> **Task statement**
The entries below contain a stretch that opens with the line containing "Juegos de Estudio" and closes with the line containing "DETAILS Midi skirt"; set down that stretch exactly, both ends included, and nothing else.

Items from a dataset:

● ● ● ● ● ● ●

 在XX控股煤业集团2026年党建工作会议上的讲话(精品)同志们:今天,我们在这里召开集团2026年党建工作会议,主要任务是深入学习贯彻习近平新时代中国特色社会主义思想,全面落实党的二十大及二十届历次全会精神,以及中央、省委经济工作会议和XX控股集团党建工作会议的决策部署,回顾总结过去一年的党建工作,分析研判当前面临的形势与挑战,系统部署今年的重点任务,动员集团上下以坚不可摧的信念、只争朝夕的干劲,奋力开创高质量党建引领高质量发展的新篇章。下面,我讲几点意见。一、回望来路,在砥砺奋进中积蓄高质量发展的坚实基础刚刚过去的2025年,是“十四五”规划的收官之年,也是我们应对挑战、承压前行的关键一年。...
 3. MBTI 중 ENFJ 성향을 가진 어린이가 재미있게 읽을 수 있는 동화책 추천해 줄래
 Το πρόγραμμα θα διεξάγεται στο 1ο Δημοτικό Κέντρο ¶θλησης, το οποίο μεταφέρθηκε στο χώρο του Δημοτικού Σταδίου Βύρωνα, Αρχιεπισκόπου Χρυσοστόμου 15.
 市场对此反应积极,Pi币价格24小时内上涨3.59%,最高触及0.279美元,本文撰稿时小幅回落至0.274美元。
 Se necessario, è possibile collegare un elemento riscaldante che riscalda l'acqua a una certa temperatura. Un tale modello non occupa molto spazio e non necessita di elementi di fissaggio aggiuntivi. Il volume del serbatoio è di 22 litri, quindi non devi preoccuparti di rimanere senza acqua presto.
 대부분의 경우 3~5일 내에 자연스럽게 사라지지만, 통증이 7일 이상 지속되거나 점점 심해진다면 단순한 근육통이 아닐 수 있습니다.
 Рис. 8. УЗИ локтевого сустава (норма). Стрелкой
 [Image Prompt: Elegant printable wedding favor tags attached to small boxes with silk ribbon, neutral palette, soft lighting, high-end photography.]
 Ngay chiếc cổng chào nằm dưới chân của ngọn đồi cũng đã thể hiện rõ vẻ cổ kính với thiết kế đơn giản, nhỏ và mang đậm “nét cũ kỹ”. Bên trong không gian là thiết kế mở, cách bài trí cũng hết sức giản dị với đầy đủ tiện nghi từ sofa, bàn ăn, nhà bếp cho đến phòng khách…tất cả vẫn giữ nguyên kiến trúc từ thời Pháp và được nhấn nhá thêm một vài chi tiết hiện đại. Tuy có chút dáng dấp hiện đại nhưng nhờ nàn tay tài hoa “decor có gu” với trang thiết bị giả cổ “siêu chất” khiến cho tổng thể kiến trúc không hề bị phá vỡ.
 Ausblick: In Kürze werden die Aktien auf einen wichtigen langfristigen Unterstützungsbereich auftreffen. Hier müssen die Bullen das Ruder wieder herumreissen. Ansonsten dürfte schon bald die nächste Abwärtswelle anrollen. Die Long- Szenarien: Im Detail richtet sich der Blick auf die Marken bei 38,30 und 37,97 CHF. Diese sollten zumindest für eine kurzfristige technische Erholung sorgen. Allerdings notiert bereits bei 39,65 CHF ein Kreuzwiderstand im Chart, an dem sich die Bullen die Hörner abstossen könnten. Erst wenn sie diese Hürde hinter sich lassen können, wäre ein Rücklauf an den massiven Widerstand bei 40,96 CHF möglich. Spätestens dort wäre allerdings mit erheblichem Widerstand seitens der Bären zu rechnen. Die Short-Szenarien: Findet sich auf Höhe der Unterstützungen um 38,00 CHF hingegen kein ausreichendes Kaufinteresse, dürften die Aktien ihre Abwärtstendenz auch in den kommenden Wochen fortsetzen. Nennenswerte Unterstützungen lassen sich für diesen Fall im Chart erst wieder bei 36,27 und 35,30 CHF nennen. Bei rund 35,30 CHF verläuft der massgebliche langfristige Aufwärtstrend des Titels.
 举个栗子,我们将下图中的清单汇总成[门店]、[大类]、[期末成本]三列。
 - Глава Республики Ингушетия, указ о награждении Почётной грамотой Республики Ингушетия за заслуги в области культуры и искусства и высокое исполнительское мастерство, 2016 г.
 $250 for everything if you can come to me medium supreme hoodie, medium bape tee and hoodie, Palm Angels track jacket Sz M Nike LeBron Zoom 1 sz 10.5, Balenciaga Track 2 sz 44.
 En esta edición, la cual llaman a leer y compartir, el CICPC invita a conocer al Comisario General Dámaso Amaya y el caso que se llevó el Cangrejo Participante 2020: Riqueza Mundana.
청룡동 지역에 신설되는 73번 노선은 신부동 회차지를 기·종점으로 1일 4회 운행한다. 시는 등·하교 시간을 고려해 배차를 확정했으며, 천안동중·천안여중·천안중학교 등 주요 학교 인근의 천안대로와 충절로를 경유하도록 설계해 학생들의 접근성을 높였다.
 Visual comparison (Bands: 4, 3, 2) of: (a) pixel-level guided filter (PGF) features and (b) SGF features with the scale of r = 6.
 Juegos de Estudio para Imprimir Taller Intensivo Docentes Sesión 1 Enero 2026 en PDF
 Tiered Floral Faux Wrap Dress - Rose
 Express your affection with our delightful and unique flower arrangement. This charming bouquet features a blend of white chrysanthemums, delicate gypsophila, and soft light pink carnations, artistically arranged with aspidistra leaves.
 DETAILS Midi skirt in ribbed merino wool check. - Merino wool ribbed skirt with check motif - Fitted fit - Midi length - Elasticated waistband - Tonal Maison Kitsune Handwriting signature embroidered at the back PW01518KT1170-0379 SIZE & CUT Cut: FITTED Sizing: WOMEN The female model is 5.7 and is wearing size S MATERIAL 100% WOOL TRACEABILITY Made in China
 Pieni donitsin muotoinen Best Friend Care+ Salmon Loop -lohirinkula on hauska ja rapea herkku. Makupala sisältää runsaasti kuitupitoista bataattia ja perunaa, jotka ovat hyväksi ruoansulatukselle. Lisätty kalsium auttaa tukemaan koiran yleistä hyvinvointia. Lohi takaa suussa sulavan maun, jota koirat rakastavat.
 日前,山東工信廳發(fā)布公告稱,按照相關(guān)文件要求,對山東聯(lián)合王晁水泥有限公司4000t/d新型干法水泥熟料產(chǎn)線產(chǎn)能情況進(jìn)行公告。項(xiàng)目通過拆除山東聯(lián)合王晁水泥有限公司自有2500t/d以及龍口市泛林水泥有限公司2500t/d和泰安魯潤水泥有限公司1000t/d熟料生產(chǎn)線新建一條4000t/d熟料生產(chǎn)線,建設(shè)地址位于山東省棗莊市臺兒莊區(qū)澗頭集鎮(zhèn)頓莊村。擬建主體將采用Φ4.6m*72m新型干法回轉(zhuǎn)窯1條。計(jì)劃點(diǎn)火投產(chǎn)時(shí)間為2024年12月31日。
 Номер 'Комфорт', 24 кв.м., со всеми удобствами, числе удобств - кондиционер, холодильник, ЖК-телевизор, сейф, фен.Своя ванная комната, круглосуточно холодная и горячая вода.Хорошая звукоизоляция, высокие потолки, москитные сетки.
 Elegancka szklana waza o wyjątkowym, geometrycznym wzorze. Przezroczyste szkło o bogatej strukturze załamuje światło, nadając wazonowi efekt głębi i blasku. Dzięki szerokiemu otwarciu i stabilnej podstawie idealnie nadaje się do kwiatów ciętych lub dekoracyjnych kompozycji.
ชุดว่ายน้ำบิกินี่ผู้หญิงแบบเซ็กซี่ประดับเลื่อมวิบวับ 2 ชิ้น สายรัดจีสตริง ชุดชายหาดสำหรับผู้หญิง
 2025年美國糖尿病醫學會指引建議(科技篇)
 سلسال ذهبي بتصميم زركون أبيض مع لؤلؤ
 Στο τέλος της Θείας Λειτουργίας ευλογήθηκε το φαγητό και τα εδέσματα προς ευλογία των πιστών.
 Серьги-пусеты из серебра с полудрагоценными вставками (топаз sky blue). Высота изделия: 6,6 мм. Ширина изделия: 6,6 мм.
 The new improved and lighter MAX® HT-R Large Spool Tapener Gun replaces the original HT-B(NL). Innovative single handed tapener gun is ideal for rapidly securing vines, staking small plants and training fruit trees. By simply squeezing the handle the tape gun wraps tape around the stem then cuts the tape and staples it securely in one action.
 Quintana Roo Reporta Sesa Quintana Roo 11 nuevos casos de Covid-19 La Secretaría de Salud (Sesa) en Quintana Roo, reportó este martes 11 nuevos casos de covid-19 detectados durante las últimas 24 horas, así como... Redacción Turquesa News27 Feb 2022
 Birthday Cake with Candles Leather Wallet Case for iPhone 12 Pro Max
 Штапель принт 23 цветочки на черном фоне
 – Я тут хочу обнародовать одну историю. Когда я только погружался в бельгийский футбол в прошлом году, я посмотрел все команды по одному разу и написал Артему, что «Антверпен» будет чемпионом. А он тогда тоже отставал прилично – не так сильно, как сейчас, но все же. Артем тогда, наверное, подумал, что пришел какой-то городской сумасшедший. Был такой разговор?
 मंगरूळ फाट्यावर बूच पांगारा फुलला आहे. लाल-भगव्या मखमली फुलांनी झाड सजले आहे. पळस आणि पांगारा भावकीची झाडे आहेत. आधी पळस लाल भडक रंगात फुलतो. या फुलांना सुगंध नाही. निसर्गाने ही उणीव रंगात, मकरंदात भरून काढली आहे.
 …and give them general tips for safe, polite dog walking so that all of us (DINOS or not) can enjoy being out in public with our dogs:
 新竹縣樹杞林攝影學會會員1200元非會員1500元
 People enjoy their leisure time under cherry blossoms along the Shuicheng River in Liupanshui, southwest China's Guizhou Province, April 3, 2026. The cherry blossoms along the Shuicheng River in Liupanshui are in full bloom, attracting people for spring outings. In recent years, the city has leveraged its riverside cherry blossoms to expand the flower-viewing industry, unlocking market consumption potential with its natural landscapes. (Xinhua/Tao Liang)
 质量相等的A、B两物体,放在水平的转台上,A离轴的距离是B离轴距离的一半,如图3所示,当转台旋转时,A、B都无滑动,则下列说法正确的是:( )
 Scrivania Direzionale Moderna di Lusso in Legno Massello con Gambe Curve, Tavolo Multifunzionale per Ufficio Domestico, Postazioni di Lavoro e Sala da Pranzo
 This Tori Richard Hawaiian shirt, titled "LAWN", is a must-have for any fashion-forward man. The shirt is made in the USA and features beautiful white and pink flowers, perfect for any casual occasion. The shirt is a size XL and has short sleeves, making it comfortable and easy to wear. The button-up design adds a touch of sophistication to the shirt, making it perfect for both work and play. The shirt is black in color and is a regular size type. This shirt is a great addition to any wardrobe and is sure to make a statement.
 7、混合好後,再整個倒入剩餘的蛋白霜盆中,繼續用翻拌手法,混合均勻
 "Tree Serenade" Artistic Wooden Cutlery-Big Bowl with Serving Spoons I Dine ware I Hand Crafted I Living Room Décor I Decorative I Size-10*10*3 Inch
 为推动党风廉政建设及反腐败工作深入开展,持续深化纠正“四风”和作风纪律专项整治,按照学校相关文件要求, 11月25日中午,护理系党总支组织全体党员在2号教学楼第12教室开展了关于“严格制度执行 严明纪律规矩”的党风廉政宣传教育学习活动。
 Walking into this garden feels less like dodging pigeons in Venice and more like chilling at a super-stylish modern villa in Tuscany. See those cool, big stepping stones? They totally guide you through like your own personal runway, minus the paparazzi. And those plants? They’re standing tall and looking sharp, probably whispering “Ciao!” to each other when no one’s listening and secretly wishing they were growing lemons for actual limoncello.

● ● ● ● ● ● ●

> **Your response**
 Juegos de Estudio para Imprimir Taller Intensivo Docentes Sesión 1 Enero 2026 en PDF
 Tiered Floral Faux Wrap Dress - Rose
 Express your affection with our delightful and unique flower arrangement. This charming bouquet features a blend of white chrysanthemums, delicate gypsophila, and soft light pink carnations, artistically arranged with aspidistra leaves.
 DETAILS Midi skirt in ribbed merino wool check. - Merino wool ribbed skirt with check motif - Fitted fit - Midi length - Elasticated waistband - Tonal Maison Kitsune Handwriting signature embroidered at the back PW01518KT1170-0379 SIZE & CUT Cut: FITTED Sizing: WOMEN The female model is 5.7 and is wearing size S MATERIAL 100% WOOL TRACEABILITY Made in China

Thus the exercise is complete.